In the world of politics, the Indian diaspora is also thriving. Johns Hopkins researchers have counted 19 people of Indian descent in the British House of Commons, including Prime Minister Rishi Sunak. They have identified six in the Australian Parliament and five in the US Congress. Vice President Kamala Harris's mother was of Tamil Indian descent. And Ajay Banga, born in Pune, India, was chosen in early May to lead the World Bank after leading MasterCard for more than a decade.

The Chinese diaspora is the only group with comparable influence around the world. The richest man in Malaysia, for example, is Robert Kuok, an ethnic Chinese businessman whose vast empire includes the Shangri-La luxury hotel chain. However, in Europe and North America, Chinese descendants do not occupy as influential positions as their Indian counterparts.

As the United States slides into a new Cold War with China, Westerners increasingly perceive China as an enemy.
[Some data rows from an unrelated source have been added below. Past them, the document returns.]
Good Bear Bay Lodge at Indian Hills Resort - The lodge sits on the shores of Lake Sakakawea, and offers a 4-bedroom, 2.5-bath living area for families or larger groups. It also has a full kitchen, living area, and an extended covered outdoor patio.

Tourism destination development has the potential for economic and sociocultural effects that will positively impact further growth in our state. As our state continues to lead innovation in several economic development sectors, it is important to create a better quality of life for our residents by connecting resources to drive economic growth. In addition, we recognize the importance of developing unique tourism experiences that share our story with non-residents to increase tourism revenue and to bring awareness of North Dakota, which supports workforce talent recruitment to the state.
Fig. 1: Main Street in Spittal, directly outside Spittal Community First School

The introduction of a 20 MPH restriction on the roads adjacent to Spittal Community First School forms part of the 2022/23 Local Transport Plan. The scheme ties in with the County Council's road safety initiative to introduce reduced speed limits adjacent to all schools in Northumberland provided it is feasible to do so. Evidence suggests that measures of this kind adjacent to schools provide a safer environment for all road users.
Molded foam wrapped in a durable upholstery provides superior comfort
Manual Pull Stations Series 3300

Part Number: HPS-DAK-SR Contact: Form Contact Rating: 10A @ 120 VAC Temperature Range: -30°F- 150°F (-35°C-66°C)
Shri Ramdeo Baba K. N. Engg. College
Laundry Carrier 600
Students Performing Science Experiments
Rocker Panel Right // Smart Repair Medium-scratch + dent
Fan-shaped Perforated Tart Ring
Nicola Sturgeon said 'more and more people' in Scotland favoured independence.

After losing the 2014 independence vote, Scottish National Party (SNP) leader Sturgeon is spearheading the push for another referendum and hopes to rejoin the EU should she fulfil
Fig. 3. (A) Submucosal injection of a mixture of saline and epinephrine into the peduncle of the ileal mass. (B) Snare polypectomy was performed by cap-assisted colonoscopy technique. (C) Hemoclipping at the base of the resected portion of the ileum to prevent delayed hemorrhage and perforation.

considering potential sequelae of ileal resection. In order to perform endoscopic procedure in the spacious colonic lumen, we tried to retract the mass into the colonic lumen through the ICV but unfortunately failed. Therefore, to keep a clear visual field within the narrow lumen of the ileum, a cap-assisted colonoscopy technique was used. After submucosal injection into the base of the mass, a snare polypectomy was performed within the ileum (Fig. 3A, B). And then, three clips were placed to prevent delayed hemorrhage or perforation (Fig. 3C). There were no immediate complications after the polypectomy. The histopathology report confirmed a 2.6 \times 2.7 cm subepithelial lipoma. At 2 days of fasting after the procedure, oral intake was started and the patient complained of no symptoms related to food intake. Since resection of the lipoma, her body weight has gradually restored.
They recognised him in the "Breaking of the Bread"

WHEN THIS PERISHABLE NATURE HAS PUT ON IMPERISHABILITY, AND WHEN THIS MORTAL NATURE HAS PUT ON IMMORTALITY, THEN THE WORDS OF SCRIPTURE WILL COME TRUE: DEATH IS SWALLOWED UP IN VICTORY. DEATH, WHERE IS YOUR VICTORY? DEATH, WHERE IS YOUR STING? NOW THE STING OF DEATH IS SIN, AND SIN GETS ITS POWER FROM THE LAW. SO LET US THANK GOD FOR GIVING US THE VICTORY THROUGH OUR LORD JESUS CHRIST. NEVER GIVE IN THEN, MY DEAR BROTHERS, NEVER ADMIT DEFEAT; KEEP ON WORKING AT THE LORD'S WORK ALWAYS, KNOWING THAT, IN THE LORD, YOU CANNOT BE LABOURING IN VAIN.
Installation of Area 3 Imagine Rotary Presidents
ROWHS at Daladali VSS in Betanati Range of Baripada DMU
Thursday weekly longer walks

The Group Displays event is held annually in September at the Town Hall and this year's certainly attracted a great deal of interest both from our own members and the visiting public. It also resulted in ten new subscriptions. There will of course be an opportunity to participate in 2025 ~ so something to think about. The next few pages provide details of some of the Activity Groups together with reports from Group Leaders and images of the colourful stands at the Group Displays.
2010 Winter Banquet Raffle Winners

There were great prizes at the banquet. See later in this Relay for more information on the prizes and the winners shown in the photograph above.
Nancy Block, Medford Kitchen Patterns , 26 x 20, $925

The covid-19 pandemic, which began in the Chinese city of Wuhan, is likely to have made matters worse. According to a recent poll on the attitudes of Americans carried out by the Gallup polling company, 84% of respondents say they view China quite negatively or have the same unfavorable opinion.
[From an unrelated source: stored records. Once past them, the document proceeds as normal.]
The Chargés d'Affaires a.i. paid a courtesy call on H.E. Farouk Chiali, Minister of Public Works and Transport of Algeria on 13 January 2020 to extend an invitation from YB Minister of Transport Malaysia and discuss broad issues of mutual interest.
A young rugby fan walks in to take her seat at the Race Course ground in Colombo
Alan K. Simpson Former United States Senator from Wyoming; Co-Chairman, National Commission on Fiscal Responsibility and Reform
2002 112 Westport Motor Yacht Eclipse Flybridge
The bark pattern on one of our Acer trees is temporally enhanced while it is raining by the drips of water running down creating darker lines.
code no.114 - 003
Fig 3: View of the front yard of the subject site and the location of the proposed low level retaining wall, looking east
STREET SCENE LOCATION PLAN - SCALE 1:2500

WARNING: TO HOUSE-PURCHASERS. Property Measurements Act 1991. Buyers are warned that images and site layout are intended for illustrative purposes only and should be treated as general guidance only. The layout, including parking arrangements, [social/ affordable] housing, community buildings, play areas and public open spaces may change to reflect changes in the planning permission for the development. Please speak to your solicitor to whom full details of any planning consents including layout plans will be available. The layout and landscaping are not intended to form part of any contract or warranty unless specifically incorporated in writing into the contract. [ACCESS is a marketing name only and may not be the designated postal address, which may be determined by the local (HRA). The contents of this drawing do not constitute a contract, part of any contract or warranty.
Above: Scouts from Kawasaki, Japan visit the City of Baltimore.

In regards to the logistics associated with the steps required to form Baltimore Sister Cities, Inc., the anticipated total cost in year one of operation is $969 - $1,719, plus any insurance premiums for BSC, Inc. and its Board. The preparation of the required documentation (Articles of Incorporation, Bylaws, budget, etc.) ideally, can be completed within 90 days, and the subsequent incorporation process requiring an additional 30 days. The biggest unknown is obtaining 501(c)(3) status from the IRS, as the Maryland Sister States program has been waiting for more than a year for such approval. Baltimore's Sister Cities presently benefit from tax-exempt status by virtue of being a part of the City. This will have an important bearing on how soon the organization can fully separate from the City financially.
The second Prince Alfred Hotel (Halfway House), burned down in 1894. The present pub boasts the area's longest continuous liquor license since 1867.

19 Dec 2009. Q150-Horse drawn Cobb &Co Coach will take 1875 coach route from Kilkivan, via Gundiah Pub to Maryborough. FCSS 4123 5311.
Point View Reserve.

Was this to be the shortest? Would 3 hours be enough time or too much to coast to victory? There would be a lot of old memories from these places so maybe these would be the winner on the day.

That mistrust of China spills over into the political arena. Huawei, a Chinese telecommunications equipment maker suspected in the past of breaking embargoes and serving as a conduit for spying on the Chinese government, has been banned from the United States. Some European countries are following suit. Strict national security reviews of foreign investment in US companies openly target Chinese money in Silicon Valley. People taking cues from China have been punished, including a former Harvard professor. Indian companies do not face such scrutiny.
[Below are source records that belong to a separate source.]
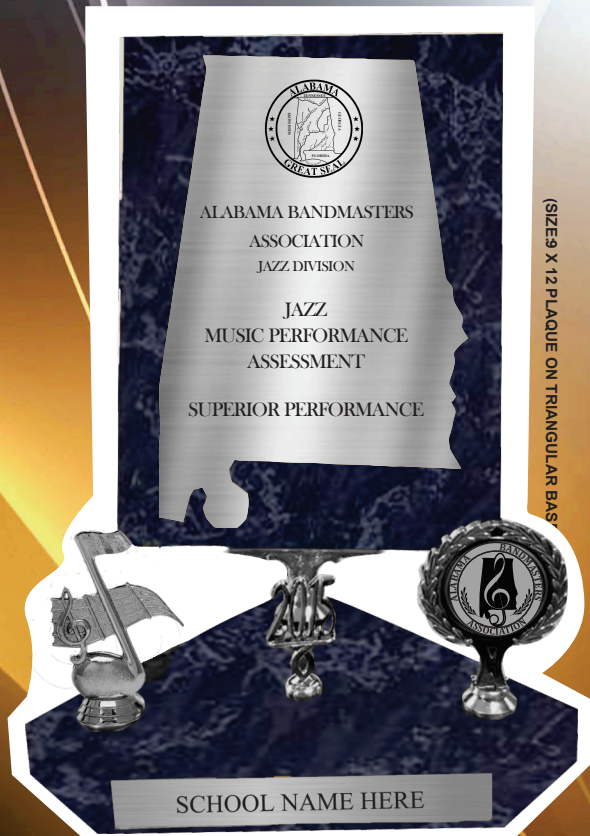
(SIZE: 9 X 12 PLAQUE ON TRIANGULAR BASE)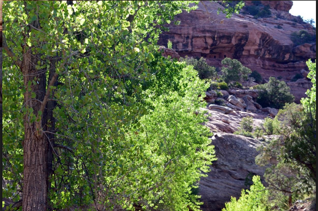
FIRST SIGHT OF RUIN FROM CANYON FLOOR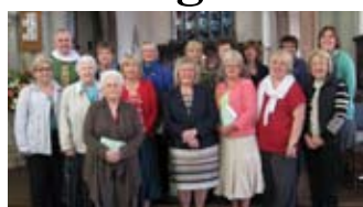
Just some of the bakers from St Mary's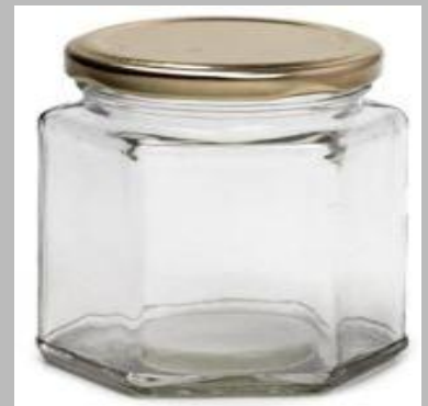
400ml Hexagonal Glass Jar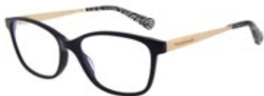
CL1109 Jais/Berlingot 001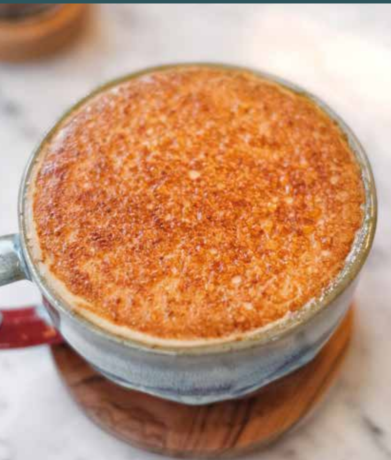
CRÈME BRÛLÉE LATTE | 41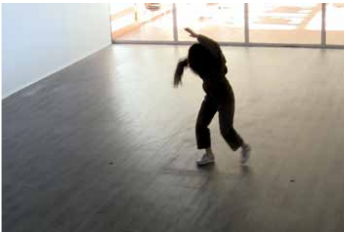
The Nine Returns to the One , Kunstmuseet Nord-Torondelag, Namsos, NL (2018)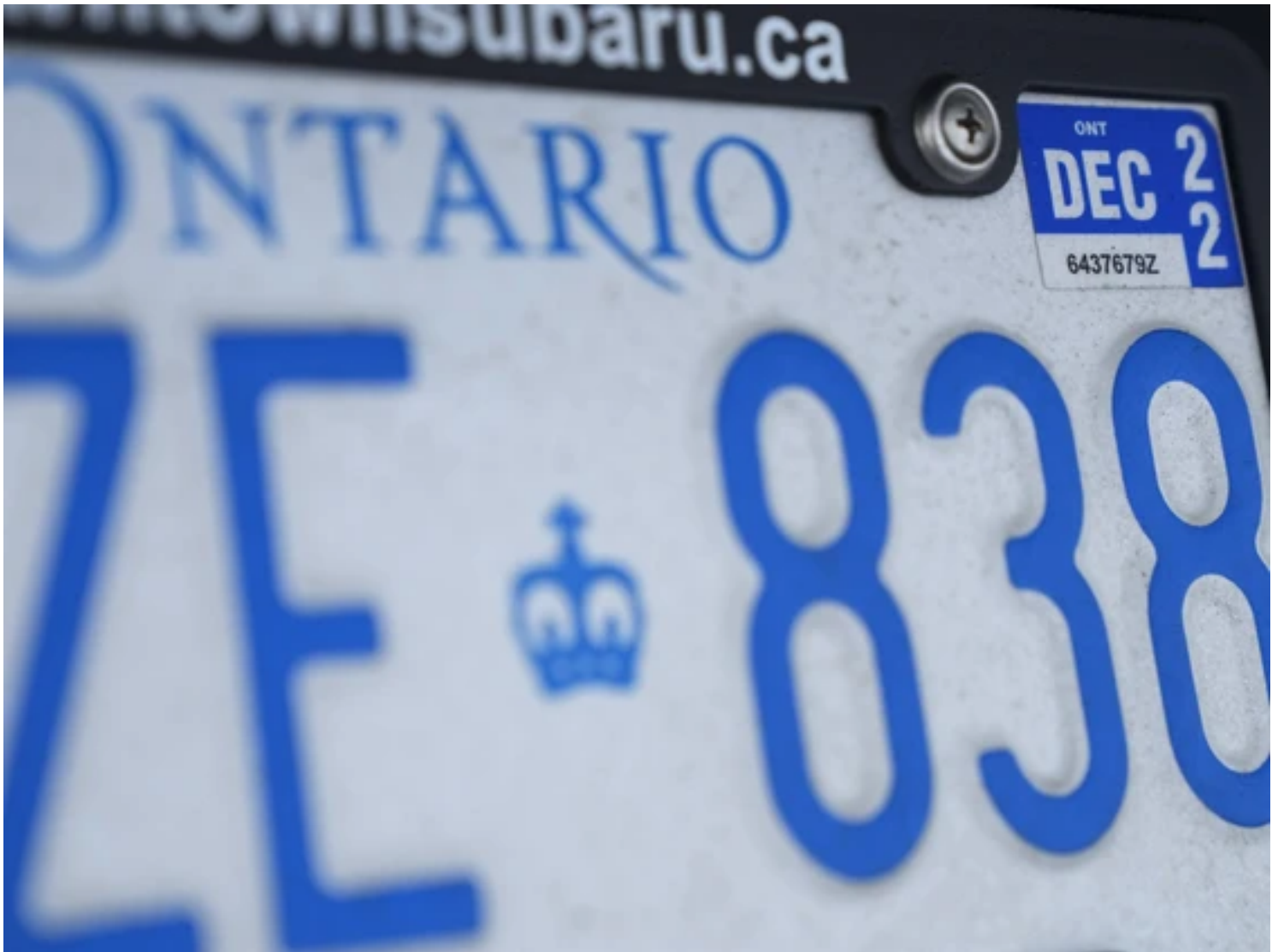
A photograph of an Ontario provincial licence plate with a renewal sticker is shown in Mississauga, Ont., on Tuesday, Feb. 22, 2022.

OPP are reporting increasing numbers of motorists with expired licence plates.

In India, by contrast, government positions have been held (at least until Modi and his Hindu nationalist party, the Indian People's Party, BJP, came to power) by many people whose worldview had been shaped, in part at least for an education in the West. The first Indian Prime Minister Jawaharlal Nehru studied at Cambridge. Modi's predecessor, Manmohan Singh, studied at Oxford and Cambridge.

India's claims to be a democratic country steeped in liberal values ​​help its diaspora to integrate more easily with the West. That diaspora, in turn, links India to the West. The most startling example came in 2008, when the US signed an agreement that effectively recognized India as a nuclear power, despite never having signed the Nuclear Non-Proliferation Treaty (like Pakistan and Israel). Lobbying and fundraising efforts by Indian Americans helped push the deal through Congress.

The Indian diaspora also has a political stake in the country. It is estimated that in the months leading up to the 2014 general election in which Modi came to power, more than 8,000 Indians from Britain and the United States flew to India to join his campaign. Many more used text messages and social networks to capture votes in favor of the PJB. And they contributed unknown amounts of money to the campaign.

Under Modi, India's ties to the West have been put to the test. In an attempt to reassert its position as a non-aligned power, India has refused to condemn Russia's invasion of Ukraine and has stocked up on cheap Russian gas and fertilizer. Government civil servants spread nationalist rhetoric that pleases hotheads on the Hindu right. And in the country liberal liberties are curtailed. In March, Rahul Gandhi, the leader of the opposition Congress Party, was disbarred from parliament on a trumped-up charge of defamation, following an Indian court's conviction of criminal defamation. Authorities harass journalists and raid their offices.

Overseas Indians help neither India nor the West give up. Modi knows that he cannot afford to lose his support and that it is impossible to force Indians with hybrid identity to choose sides. At a time when China and its friends want to take on a world order established by their rivals, it is vital for the West to keep India on its side. Despite its setback, it continues to be essential, as are its emigrants.